Due: 2024-10-04 23:59:00EDT
In this assignment, we’ll explore linked lists and more complex custom-designed classes. The complexity of this assignment increases significantly from the previous two. Start EARLY!
In this assignment, we will use the LinkedList
you started
implementing in lab
In this assignment, your driver program should be called
DriverHW02.java
.
In addition, please read the program design principles and code formatting standards carefully. You are expected to adhere to all stated standards. Violations will result in deductions.

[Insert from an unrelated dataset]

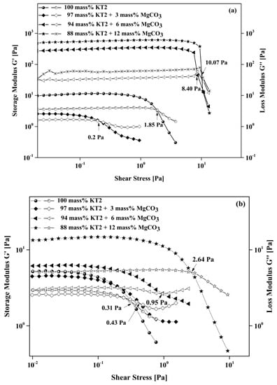 Stress sweep test at 10 s−1 of KT2 and MgCO3 mixtures dispersed with (a) 0.4 mass% of NaHMP and (b) 1.2 mass% of NaSi dispersants.

Requirement: You can ONLY include the following import statements:
import java.io.File;
import java.io.FileNotFoundException;
import java.util.Scanner;
You are NOT ALLOWED to include any other import statements in your solutions. Check with the professor before you import anything else.
Imagine you are a data scientist working for a social research organization tasked with analyzing trends in baby names over the years in the United States. Your organization aims to provide insights into the evolution of popular names and naming patterns, which can be used for various purposes, such as understanding cultural shifts, predicting future naming trends, and even informing marketing strategies for baby-related products.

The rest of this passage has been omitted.